Agentic incident investigation with Claude Code

From now on, you'll be able to:

have Claude Code investigate your active incidents automatically by querying your MCP tools in parallel,
get structured findings posted to Tellagen with confidence scores and deep links,
review, dismiss, or promote findings to your incident timeline, and
connect any MCP tools you already use (Grafana, GitHub, PagerDuty, Sentry, Kubernetes, etc.).

What good does this do? The boring data-gathering part of an incident — checking logs, recent deploys, alert history — happens in parallel, without you opening six browser tabs. Results come back as structured findings with deep links, not a wall of text. You can verify anything with one click.

Here's how to try it yourself.

Getting started

Three steps. You'll be running your first AI investigation in under five minutes.

1. Create an API key. Go to Settings > API Keys in your Tellagen workspace. Click "Create API Key", give it a name like claude-investigations, and select at least the Incidents read and write scopes. Copy the key — it's only shown once.

Create API Key dialog — select Incidents read and write scopes

2. Add the Tellagen MCP server to Claude Code.

claude mcp add tellagen \
  --transport stdio \
  --env TELLAGEN_API_KEY=tllg_xxx \
  --env TELLAGEN_API_URL=https://mycompany.api.tellagen.com \
  -- npx -y @tellagen/mcp-server

Replace tllg_xxx with your API key and mycompany with your workspace subdomain.

3. Run an investigation. Open Claude Code in your project directory and ask Claude to investigate:

Investigate incident #42 on Tellagen

Claude reads the incident context first — severity, affected services, what's already on the timeline — so it doesn't start from zero. Then it creates an investigation run, which shows up live in the Investigations tab. Your team can follow along as findings come in.

From there, Claude queries whatever MCP tools you have wired up — Loki logs in Grafana, recent commits in GitHub, alert history in PagerDuty, grepping through the codebase for the error message — all in parallel. As it finds things, it posts structured findings back to Tellagen: each with a type, confidence score, and links back to the source.

If you also have Grafana, GitHub, or PagerDuty MCP servers configured, Claude will use those too — no extra setup on the Tellagen side.

Want the full investigation skill? Install the Tellagen plugin to get a /tellagen skill that walks Claude through the complete investigation workflow step by step:

/plugin marketplace add tellagen/tellagen-marketplace
/plugin install tellagen

Then add your API key and URL to ~/.claude/settings.json:

{
  "env": {
    "TELLAGEN_API_KEY": "tllg_your_key_here",
    "TELLAGEN_API_URL": "https://mycompany.api.tellagen.com"
  }
}

If the file already has content, merge the env block into it. Then restart Claude Code for the env vars to take effect.

You can verify that the plugin works by running /plugin, going to installed plugins, and selecting tellagen.

Verify plugin is connected

Then run the /tellagen command in any project to interact with the Tellagen API.

What a finding looks like

This is probably the most important design decision we made — findings are structured objects, not paragraphs of text. Each one has:

a type that tells you what kind of insight it is,
a one-sentence claim (the headline),
an evidence summary with supporting data,
a confidence score from 0 to 100%,
evidence refs with deep links to Grafana, GitHub, PagerDuty, or wherever the data came from.

The types are worth explaining briefly:

Observation — something notable ("Error rate is 5x normal")
Correlation — two things that appear related ("Spike started 3 min after deploy X")
Hypothesis — a proposed explanation ("Null check was removed in PR #456")
Evidence — concrete proof ("Stack trace shows NPE at line 42")
Recommendation — suggested action ("Roll back deployment abc123")
Negative — something ruled out ("Database performance is normal")

The negative type is one I'm particularly happy about. During an incident, knowing what's NOT the cause saves real time. If the database is fine, you stop looking at the database.

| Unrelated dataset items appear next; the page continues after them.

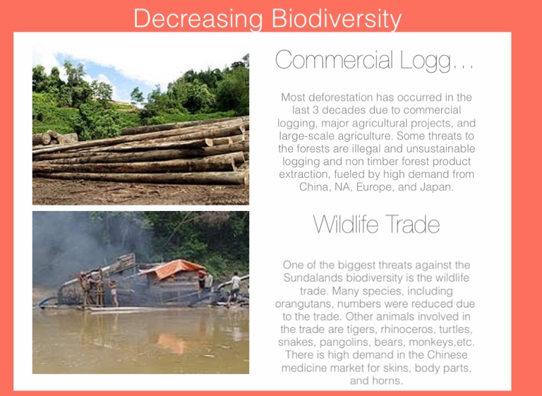 One of the biggest threats against the Sundalands biodiversity is the wildlife trade. Many species, including orangutans, numbers were reduced due to the trade. Other animals involved in the trade are tigers, rhinoceros, turtles, snakes, pangolins, bears, monkeys,etc. There is high demand in the Chinese medicine market for skins, body parts, and horns.
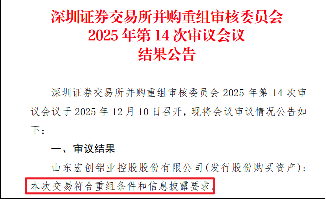 雷达财经讯 2025年12月10日,深交所并购重组审核委员会的一纸批文,将中国铝行业迄今已来最大的资产重组推向台前——宏创控股(002379.SZ)以635亿元的交易对价,收购中国宏桥(01378.HK)旗下核心铝业资产宏拓实业100%股权。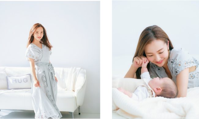2021年秋にご出産された板野さん。板野さんのお子さんより少しだけ月齢が上の読者モデルの赤ちゃんを抱っこして、「うちの子よりちょっと大きいかな、少し重いかな、あともう少しでこんなに首がすわるんだ」などと話しながら、慣れた様子で抱っこしてあやしてくださり、笑顔を引き出してくれました。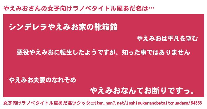 | 意味不明あだ名 | 『住所不定無職やえみお(53歳)』 |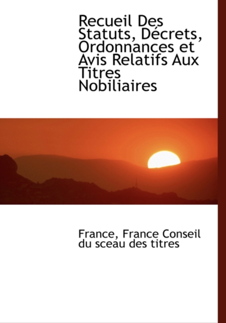 ISBN: 9783382711177TITLE: Recueil des statuts, decrets, ordonnances et avis relatifs aux titres nobi…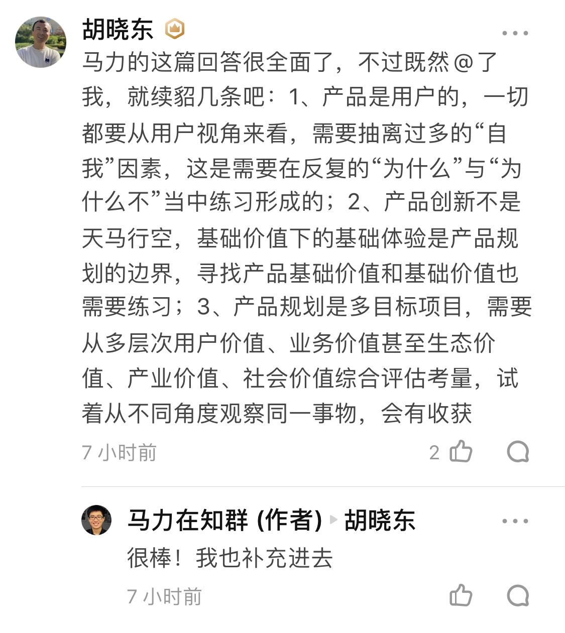 这里面胡老师的补充非常好(胡老师是阿里P10的产品经理),也补充进来: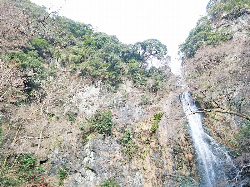 坂を登り切ったら車の走る府道と合流しますが、ここからもわずかに滝が見えました。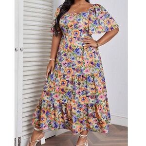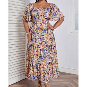 Plus Multicolor Floral Print Butterfly Sleeve Tie Back Maxi Dress
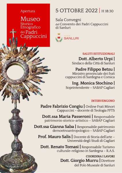 SANLURI. A Sanluri è tutto pronto per la cerimonia di apertura del Museo Storico Etnografico dei Padri Cappuccini. L'inaugurazione è prevista per il 5 ottobre alle 18.30: il Polo Museale Sanlurese, costituito dal Castello con le sue suggestive collezioni e dal Museo del Pane con il suo percorso storico e sensoriale, si arricchisce così di un’altra prestigiosa sede espositiva, che rafforza la proposta culturale della città di Sanluri e ne conferma la visione strategica di valorizzazione e promozione turistica del territorio.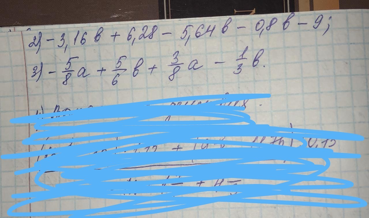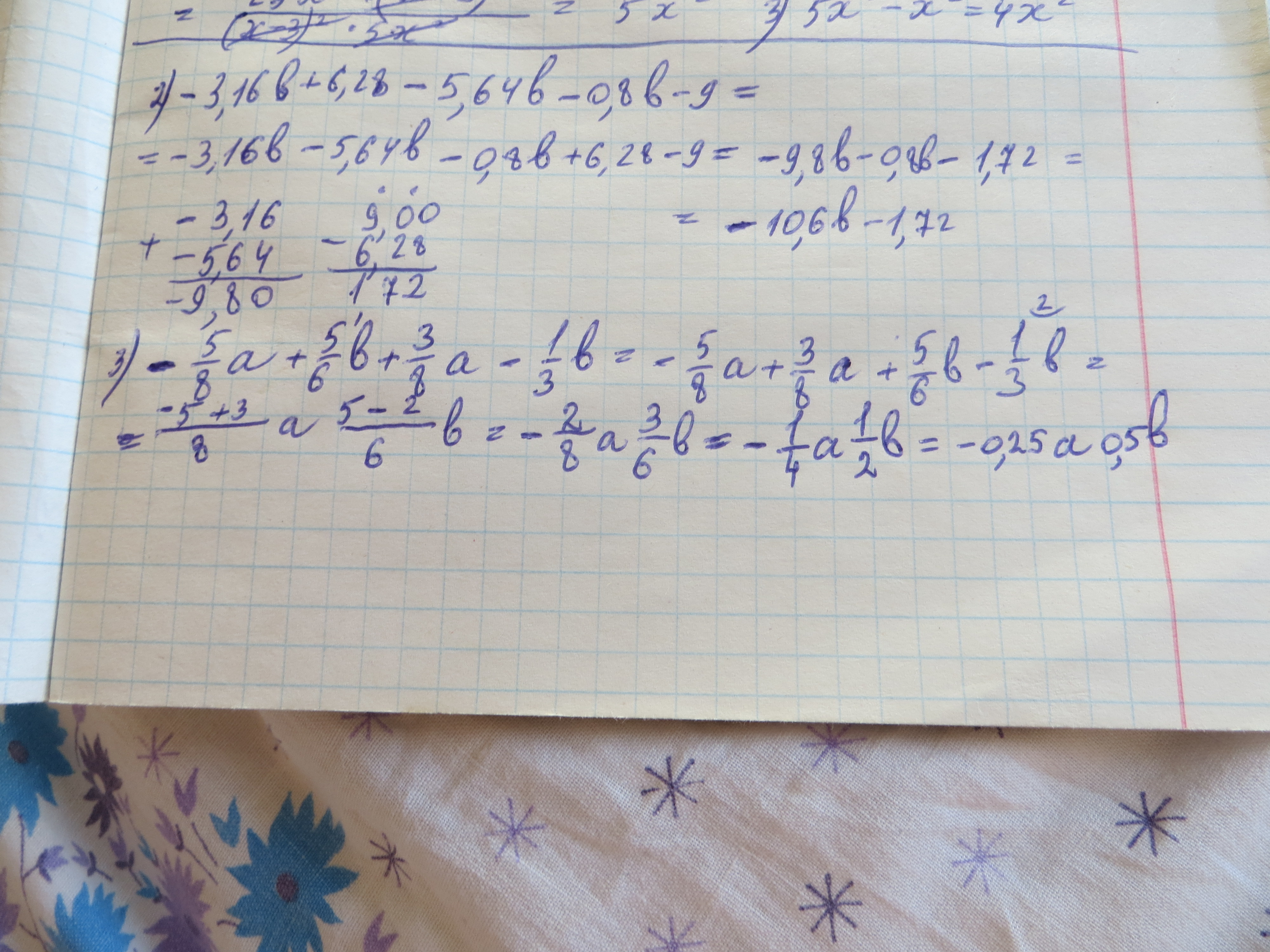 -5/8а + 5/6б + 3/8а - 2/6б = -2/8а + 7/6б = -0,25а + 0,5б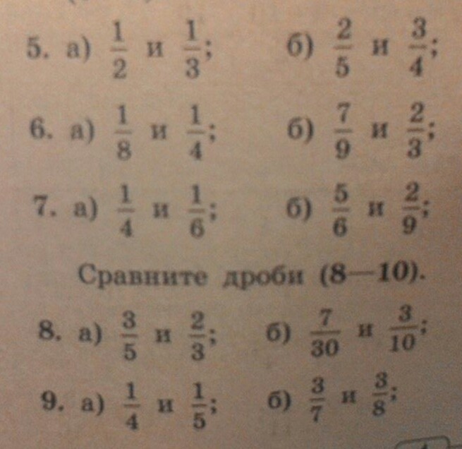 7. 1/4 больше 1/6, так как если привести к общему знаменателю будет 3/12 больше 2/12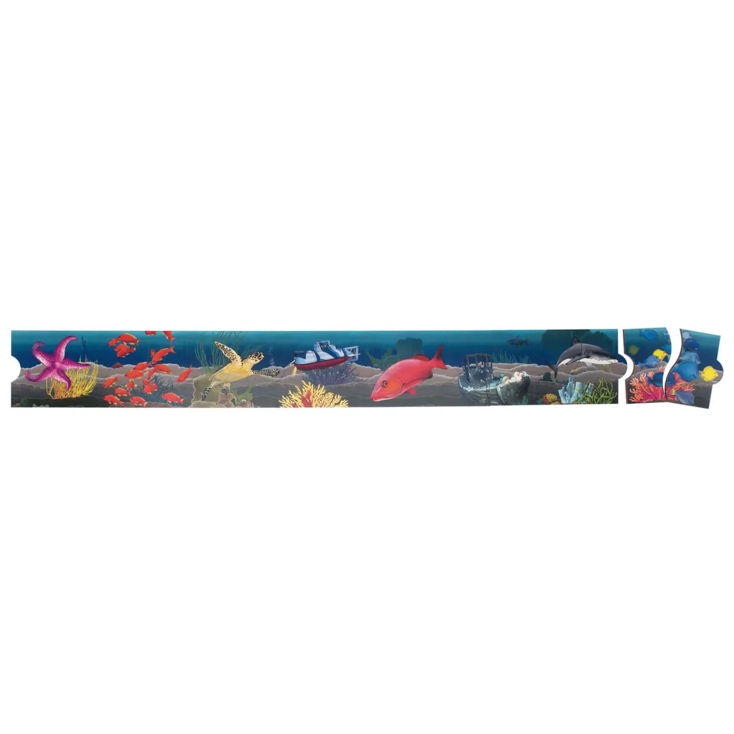 Ga op je knieën op zoek naar de twee puzzelstukken die samen een zeedier vormen. Heb je ze allemaal gevonden, maak er dan een lange rij van. Het eerste dier van de rij sluit weer aan bij het laatste dier van de rij. Zo kan het steeds verder gaan en beleef je eindeloos puzzelplezier. Deze vloerpuzzel heeft een formaat van 112 x 12 cm.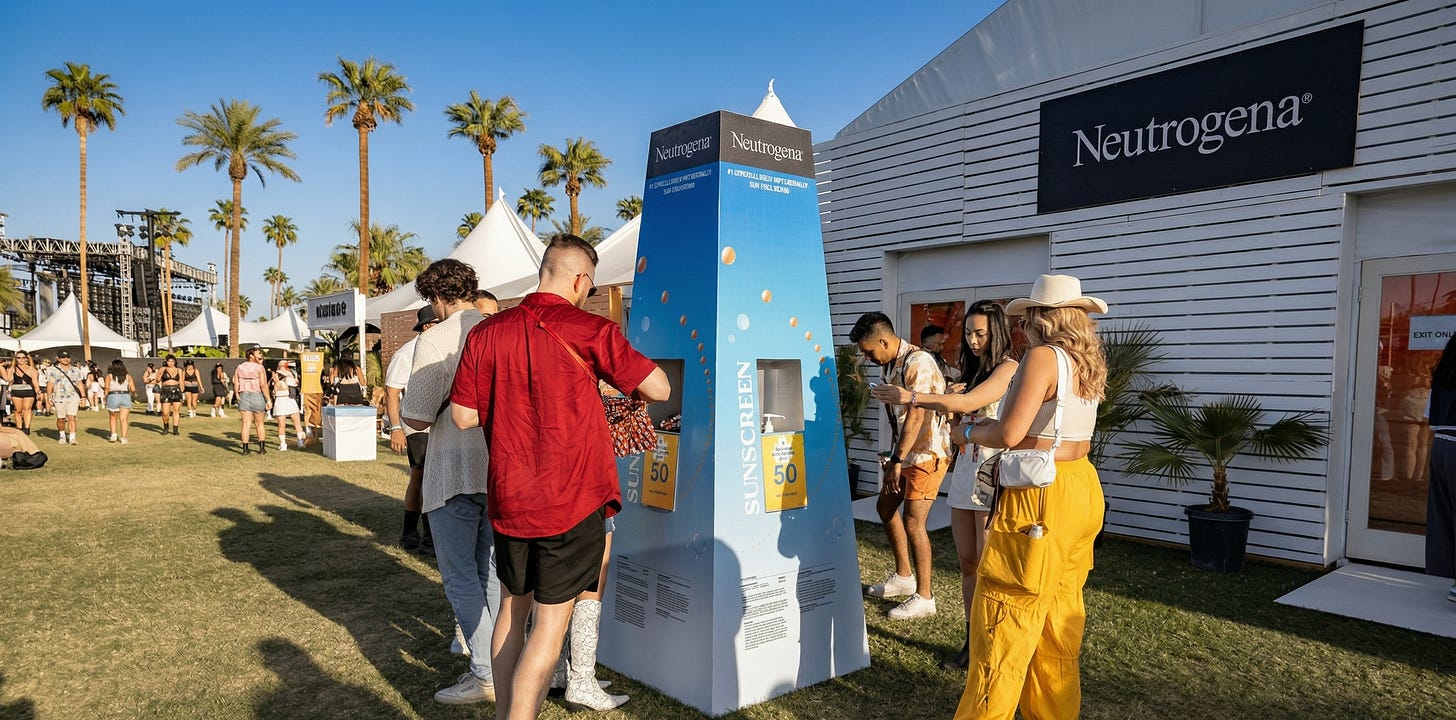 A Neutrogena amplia sua presença ao ocupar um território funcional com escala. Como patrocinadora de proteção solar, ativa pontos no festival, campings e até no aeroporto, com dispensers de SPF e distribuição massiva de produtos. A marca se conecta a uma necessidade real do público e transforma utilidade em lembrança.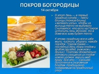 Торжественное событие не предполагает работу по дому. Уборку и стирку лучше перенести на другой день и посвятить время, к примеру, приготовлению различных блюд. Стол с богатым ассортиментом съестного будет как нельзя кстати — на Покров день принято встречать гостей. Причем никаких ограничений в меню нет — никакой пост не приходится на 14 октября.

Reviewing and promoting findings

Findings start as drafts. You go to the Investigations tab, and you'll see all the runs with their findings listed. For each one, you can do two things: dismiss it (if it's off-base), or promote it to the timeline.

When you promote a finding, it becomes a timeline event with all the evidence links attached. It's there when you write the postmortem. One click, and a finding goes from "AI thinks this might be relevant" to "this is part of the official incident record."

You can also click through to the evidence. Every finding links back to the Grafana explore URL, the GitHub commit, the PagerDuty alert — whatever the source was. So you never have to take the AI's word for it, you can verify in seconds.

A few patterns where this works well

I've been testing this against real incident scenarios. Let me show you a few.

Slow queries causing timeouts. Response times spike, nothing obvious changed. Claude checks Grafana for slow query logs, finds a query scanning millions of rows without an index, cross-references it against recent migrations in GitHub. It posts a finding with the query, the migration commit, and links to both. The on-call person doesn't need to manually dig through dashboards to connect those dots — the finding has both deep links right there.

Bad deploys. Error rate jumps. Claude checks what deployed recently, finds one that landed a few minutes before the spike, pulls the diff, and correlates the stack trace from logs with the actual code change. It posts findings in order: observation (error rate up), correlation (timing matches deploy), evidence (stack trace points to specific line). Sometimes the recommendation is just "roll back" — and that's fine, that's exactly what you need to hear at 2 AM.

Upstream issues. Latency creeps up, then requests start timing out. Claude checks upstream service response times, finds the payments provider started responding slower 20 minutes ago. It also posts a negative finding: "Database performance is normal." You stop looking at the database, you start looking at the provider's status page.

Connecting your tools

I should mention that Tellagen doesn't own your observability stack — Claude Code connects to whatever MCP servers you have. Grafana, Datadog, GitHub, PagerDuty, Sentry, Kubernetes — if there's an MCP server for it, Claude can use it during investigation. You add a new tool, and investigations automatically get richer. No configuration on the Tellagen side.

The investigation skill (/tellagen:investigate, available via the plugin) is a structured prompt that walks Claude through the workflow. You can customize it or write your own for specific failure patterns your team sees often. Let's say you deal with a lot of database issues — you could write a skill that always checks slow query logs and recent migrations first.

Your data never touches Tellagen

This is worth calling out explicitly, because it's the thing most teams ask about first.

When Claude investigates an incident, it queries your Grafana, your Loki, your GitHub, your PagerDuty — directly, through MCP connections that run on your machine. Tellagen never sees your logs, metrics, traces, or source code. We have no access to your observability stack, your repositories, or any other internal system.

What flows back to Tellagen are the structured findings — a one-sentence claim, a confidence score, and a summary the agent wrote. That's it. The raw log lines, the full stack traces, the actual metric data — all of that stays between Claude and your infrastructure.

The only Tellagen component in your setup is the MCP server, which is a thin API client that posts findings and reads incident metadata. It doesn't proxy your other tools, it doesn't phone home with telemetry, and it doesn't need network access to anything except the Tellagen API.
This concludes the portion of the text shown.